> **INSTRUCTIONS FOR THE TASK**: Quote the listing in full, exactly as given, minus any pictures.

(DATA EXCERPT Opens)

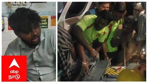 விபத்தில் படுகாயமடைந்த கல்லூரி மாணவர்களை மீட்டு சிகிச்சைக்காக ஆம்புலன்ஸில் அழைத்து வந்த நிலையில் ஆம்புலன்ஸில் இருந்த ஸ்ட்ரக்சரில் மாணவரின் தலை சிக்கியதை அடுத்து ஒருமணி நேரம் போராட்டத்திற்கு பிறகு தீயணைப்புத்துறை வீரர்கள் மாணவரை பத்திரமாக மீட்டுள்ளனர்.
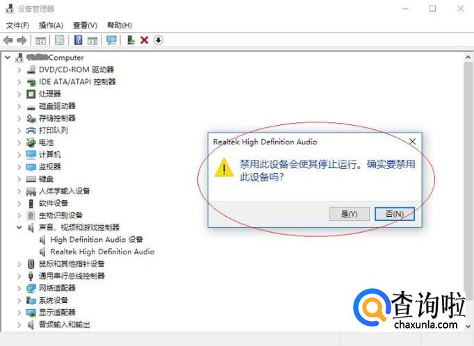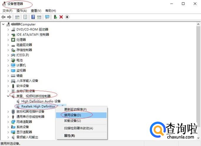 如图所示,鼠标右击"Realtek High Definition Audio"项。弹出快捷菜单,选择"禁用设备"。
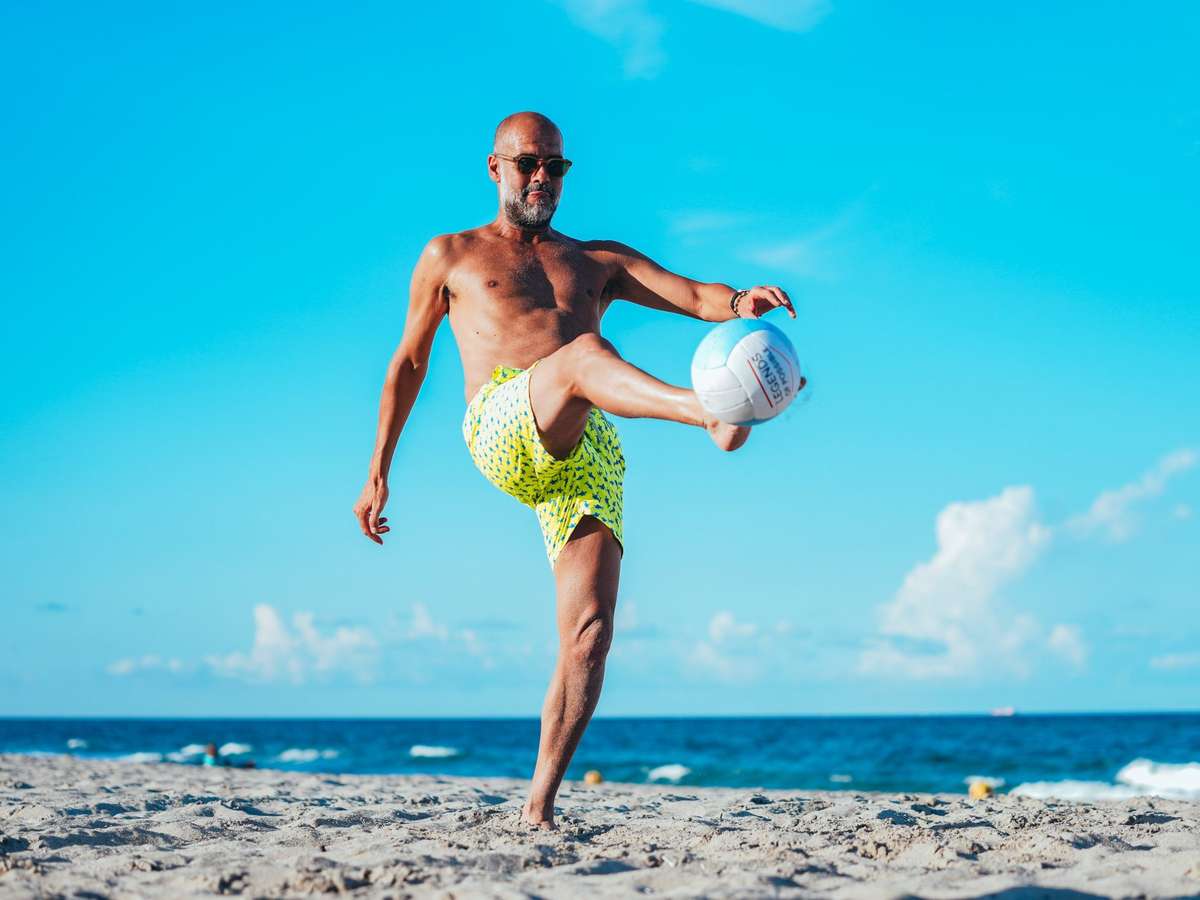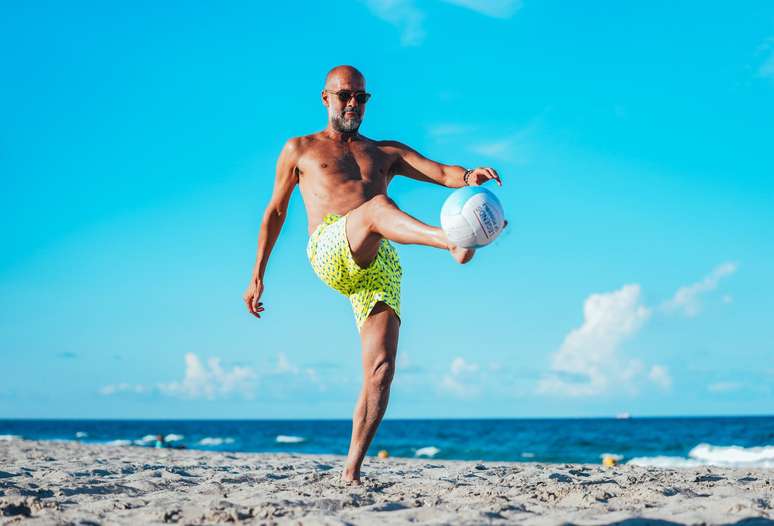 Guardiola participa de altinha na praia com o elenco do Manchester City

(DATA EXCERPT Closes)

> **RESULT OF THIS TASK**:
 விபத்தில் படுகாயமடைந்த கல்லூரி மாணவர்களை மீட்டு சிகிச்சைக்காக ஆம்புலன்ஸில் அழைத்து வந்த நிலையில் ஆம்புலன்ஸில் இருந்த ஸ்ட்ரக்சரில் மாணவரின் தலை சிக்கியதை அடுத்து ஒருமணி நேரம் போராட்டத்திற்கு பிறகு தீயணைப்புத்துறை வீரர்கள் மாணவரை பத்திரமாக மீட்டுள்ளனர்.
 如图所示,鼠标右击"Realtek High Definition Audio"项。弹出快捷菜单,选择"禁用设备"。
 Guardiola participa de altinha na praia com o elenco do Manchester City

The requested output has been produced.